Actually that is why I am going to go back to teaching.


----------



## Xue Sheng (Jun 15, 2006)

Flying Crane said:
			
		

> I have mixed feelings about this. I completely understand your desire to be true to your art, to your teachers, and not overstep your authority.
> 
> Could you ask your Traditional teacher for permission to teach? If he is now teaching along a different path, maybe you could let him know that you would like to teach the traditional way, and you would like his support, or at least his blessing in doing so. If he refuses to do so, then I am not so sure you would be doing something wrong by teaching it anyway. After all, if he himself is no longer following the traditional path, why should you be forced off this path as well?

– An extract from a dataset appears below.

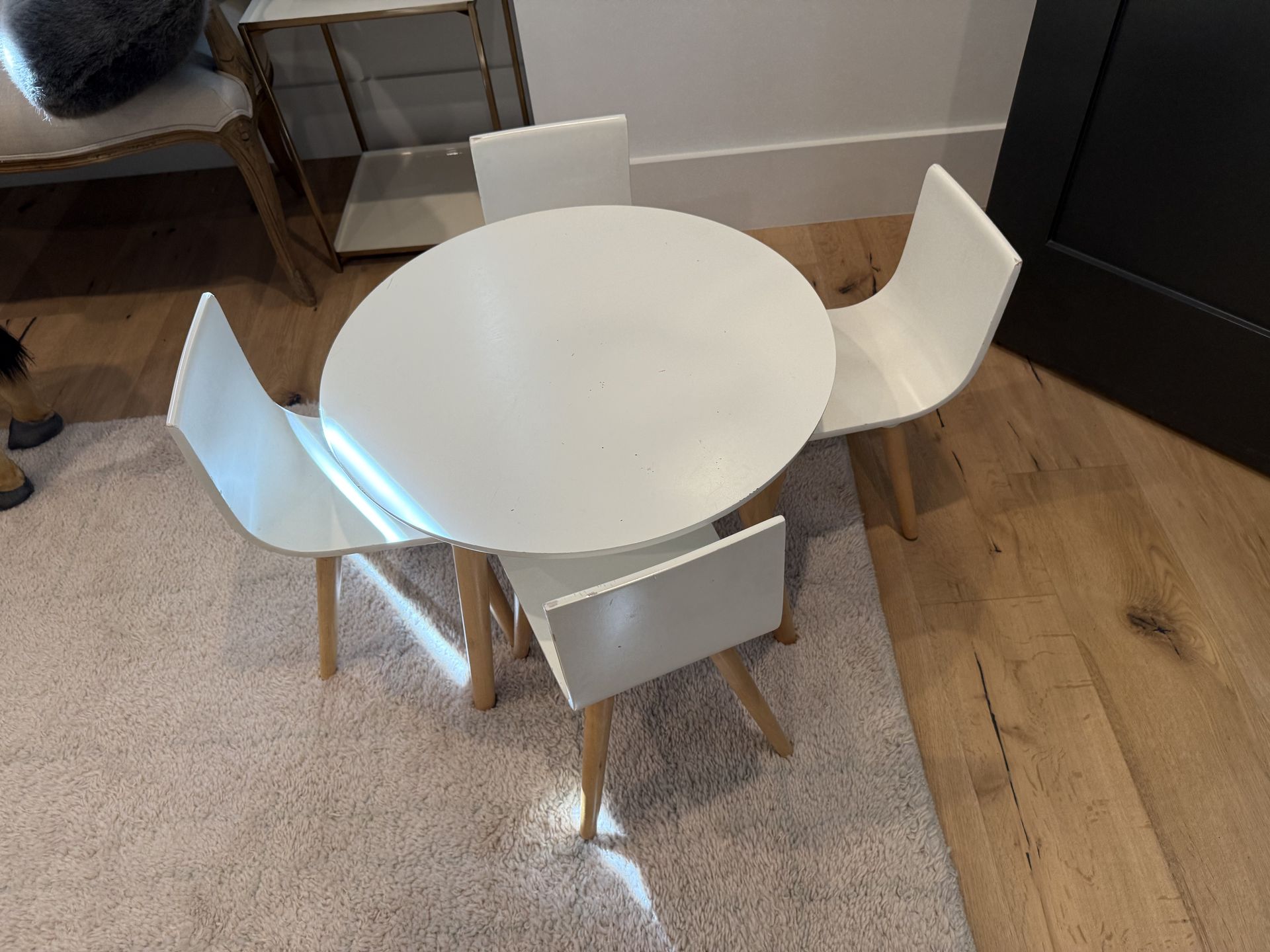 Definitely a well loved set. Has dings and scratches. Great for 6 and under. Can be used outside or inside. We loved it!
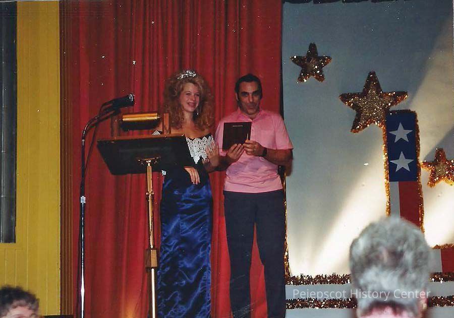 A color photograph of Lisa Kelly giving Camille Gagne the Pageant Award in the 1991 Brunswick Teen Queen Pageant.Collection

Maybe at that point it might be time to make a formal split, and do your own thing whether he likes it or not. I kind of think that given the circumstances it might be appropriate, if you feel that you truly understand it well enough to teach it. just be honest with your students about your relationship with your teacher, at that point.
> 
> ...


 
My ex-Sifu will never give permission to teach I never understood why before, because he had a very good student who left prior to me that he used, as he did me to train the new students and teach applications and push hands, but he would not him teach outside either. 

About a year ago a church near me was after me to teach and I talked to him about it and he said no traditional but Yang 24 and 48 were ok with him since he did not know them. I ran into some of my ex-students after that and they asked if I was ever going to teach again and at that time I was not sure. I once again talked to him and he said have them come to him. After that there was another group that specifically asked me to teach traditional, once again he said no and he had no them to go there and teach them. He has never given permission to anyone to teach anything they have learned from him. 

I am looking to go back to teaching, but I am a traditionalist and although I feel he is no longer loyal to his teacher, I am. I will teach 24 and 48 and some of the Tai Chi Qigong I have been taught and possibly, if any are interested get into basic push hands later. My goal at this point is to give any who want it a good foundation.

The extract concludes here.